China’s economy grew 6.9 percent in the first quarter of 2017, government data showed Monday, beating expectations in the latest sign of stabilisation for the world’s second-largest economy.
Beijing has said it wants to transition away from a reliance on debt-fuelled investment and towards a consumer-driven economic model, but the transition has proved bumpy.
The economy grew at just 6.7 percent in 2016, its slowest rate in a quarter of a century.
“For the first time in the recent years, China starts a year with a strong headline GDP,” Raymond Yeung of Australia & New Zealand Banking Group told Bloomberg News.
“Thanks to strong investment and property, the economy is performing well.”
The reading Monday marked the second quarterly improvement since the final three months of 2014.
It was better than the median analyst expectation of 6.8 percent in an AFP poll, and also up on the fourth quarter figure.
“The national economy in the first quarter has maintained the momentum of steady and sound development,” the National Bureau of Statistics said in a statement.
It added that “positive changes kept emerging and major indicators performed better than expected”.
Monday’s data also showed China’s industrial output growth rose to 7.6 percent year-on-year in March, beating a Bloomberg estimate of 6.3.
Retail spending rebounded to a forecast-beating 10.9 percent, while fixed-asset investment rose 9.2 percent in the first three months of the year, representing a slight acceleration from February.
The readings follow data showing robust foreign trade and a further expansion in factory activity driven by a pickup in production and demand last month.

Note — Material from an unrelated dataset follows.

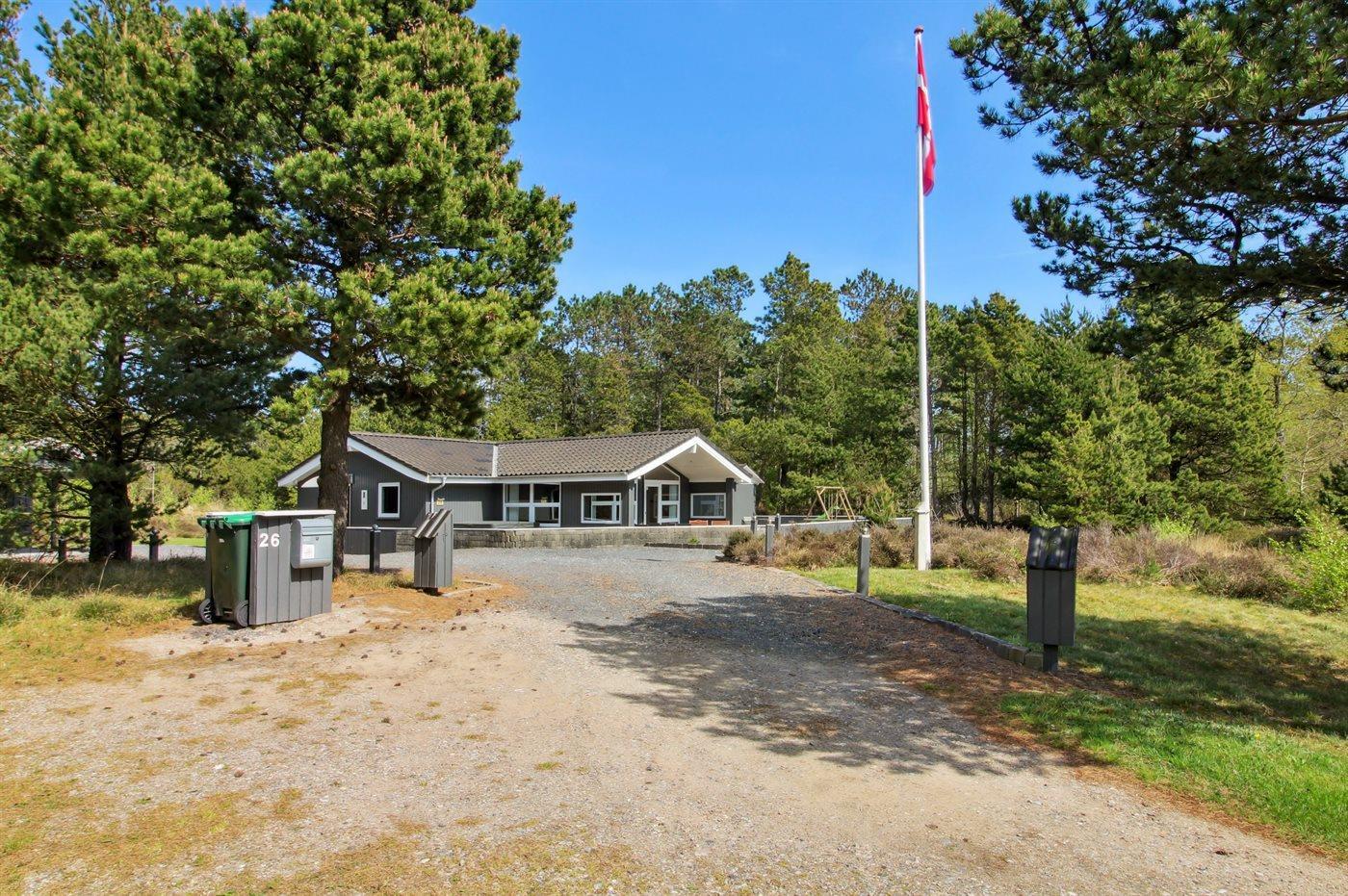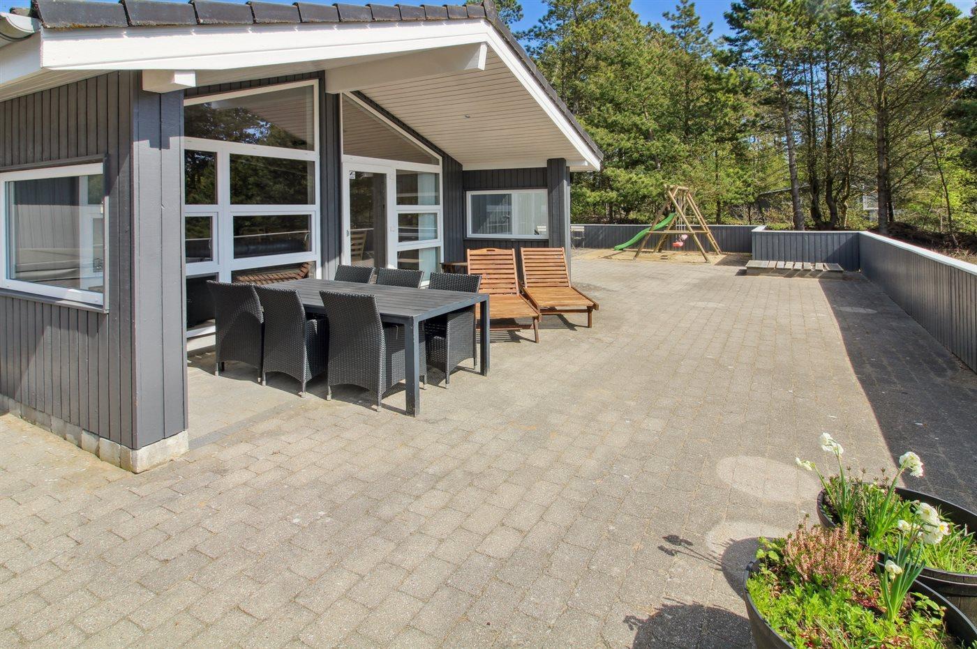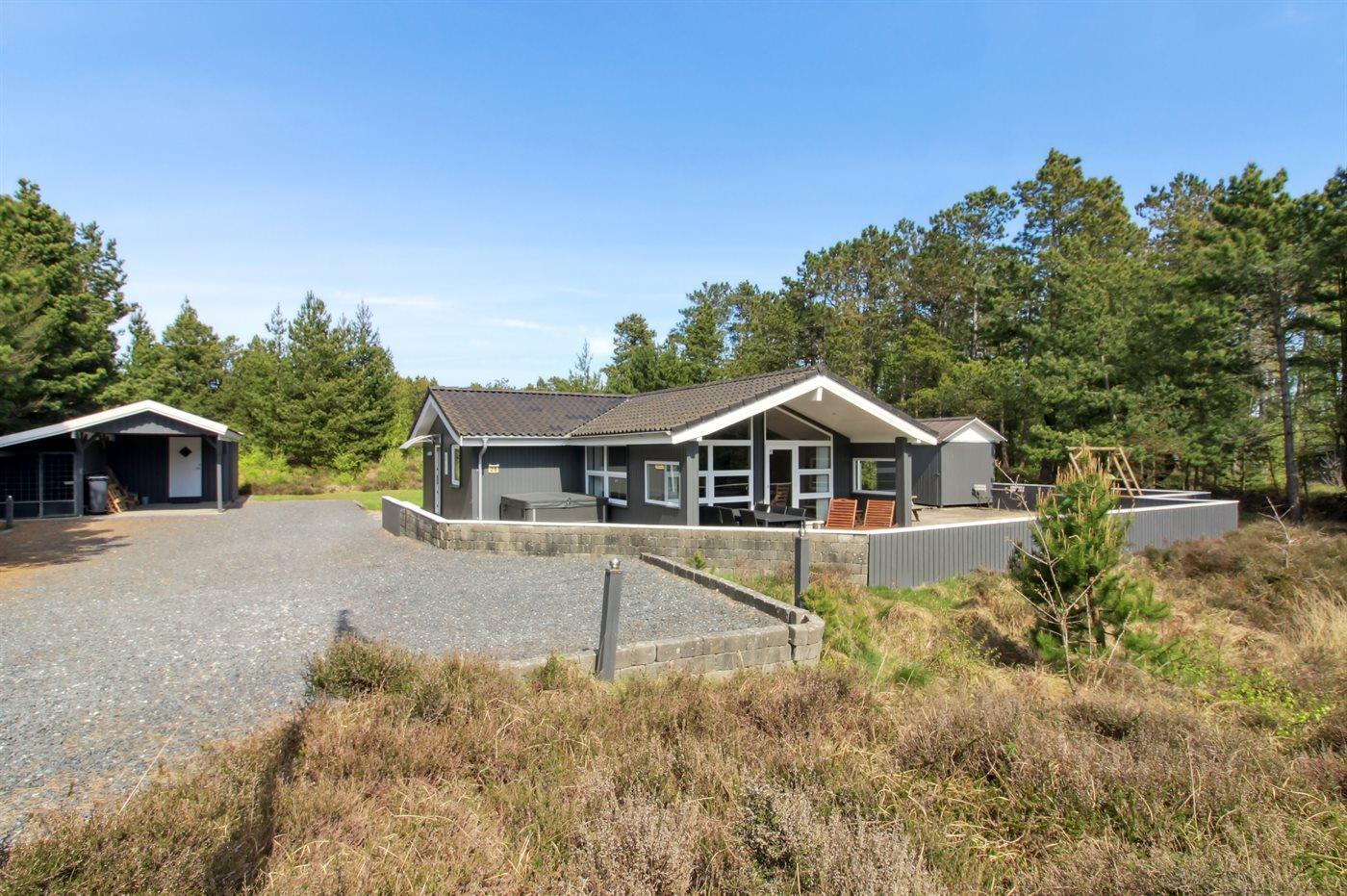 Huset er opført på en stor lyngklædt grund, delvist omgivet af lægivende beplantning, som sørger for ro og privatliv. Den rummelige terrasse skaber perfekte rammer for udendørsliv i alle døgnets lyse timer.

– ‘Same old’ growth model –
The faster growth rate was driven by a pick-up in industry and construction, Brian Jackson of IHS Global Insight said in a note, adding that “mining, manufacturing and utilities growth all accelerated”, while the services sector slowed.
But the return to stimulus spending and infrastructure to drive the economy shows Beijing has reverted to “the same old” investment-driven growth model, Raymond Yeung and David Qu of ANZ Research wrote in a note.
They said the government’s announcement last month that it would build a vast new economic zone in the relatively unprosperous area of Xiong’an shows authorities have a “tendency to rely on infrastructure development to sustain growth”.
News of the Xiong’an zone, which is expected to eventually cover a vast area of some 2,000 square kilometres, set off a flurry of speculative real-estate purchases in the area, which has been struggling economically.
Cheap credit has meanwhile bolstered the construction sector since last year, attracting savers and speculators who have fuelled housing prices in large cities and accelerated manufacturing activity.
But looking ahead, China’s growth momentum is not expected to last through the whole year, Julian Evans-Pritchard of Capital Economics said in a note.
“Our own measure of economic activity also points to a strong start to 2017, though we don’t expect the strength to be sustained,” he said.
“With the acceleration in credit growth that helped drive the recent recovery now being reversed, we still expect the economy to begin slowing before long.”
Jackson said that a steady deceleration in the real estate sector should take hold from the second quarter, adding that it would “create an additional drag for both the services and construction components of GDP”.
The government has trimmed its 2017 GDP growth target to “around 6.5 percent”.
According to the AFP poll’s median full-year forecast, China’s GDP growth will fall to 6.6 percent for the year.